- Umroli Location in Maharashtra, India
- Coordinates: 19°45′21″N 72°45′38″E﻿ / ﻿19.7558°N 72.7606°E
- Country: India
- State: Maharashtra
- District: Palghar

Government
- • Type: Gram panchayat

Languages
- • Official: Marathi
- Time zone: UTC+5:30 (IST)
- Vehicle registration: MH-48, MH-04

= Umroli =

Umroli is a town in Maharashtra. It also has a railway station on the western Line of the Mumbai Suburban Railway. It is located roughly 6 km north of Palghar which is the district headquarters. Umroli was situated in the old Thane District of Maharashtra. After the bifurcation, it is now a part of the Palghar district.

==Location==
Umroli is located 8 km south of Boisar on the Western Railway and 6 km from Palghar line of Mumbai Suburban Railway. It can be reached from National Highway NH-4, 30 km off from Charoti Naka. It is 40 km north of Virar on the Western Railway line.

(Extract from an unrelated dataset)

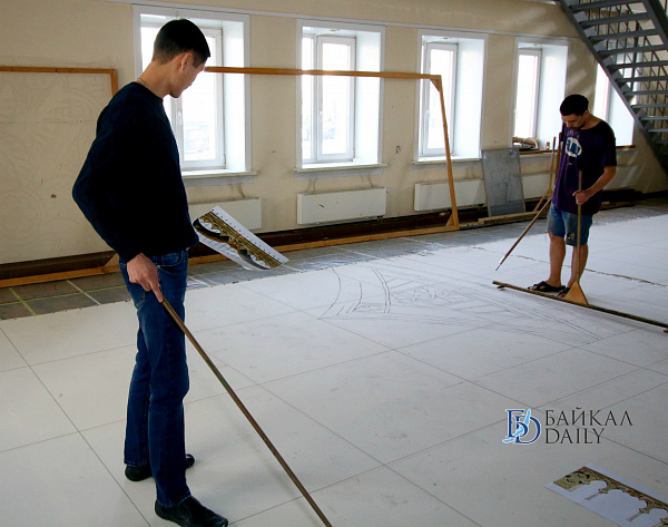 - Из маленького эскиза всё переносится на большой холст, разделённый на квадраты, каждый из которых метр на метр, – рассказывает Алексей Амбаев, - Сформировав ткань, будем переносить рисунок, закладываем основной цвет, расставляем пятна, уточняем детали, объём, светотень и получается красота.

==Industrial area and power stations==
Tarapur Industrial Estate, Tarapur Atomic Power Station, and a thermal power station owned by Reliance Energy Limited are located close by. The huge industrial area at Tarapur accommodates various specialty chemicals, bulk drugs, steel and alloy, and textile manufacturing companies.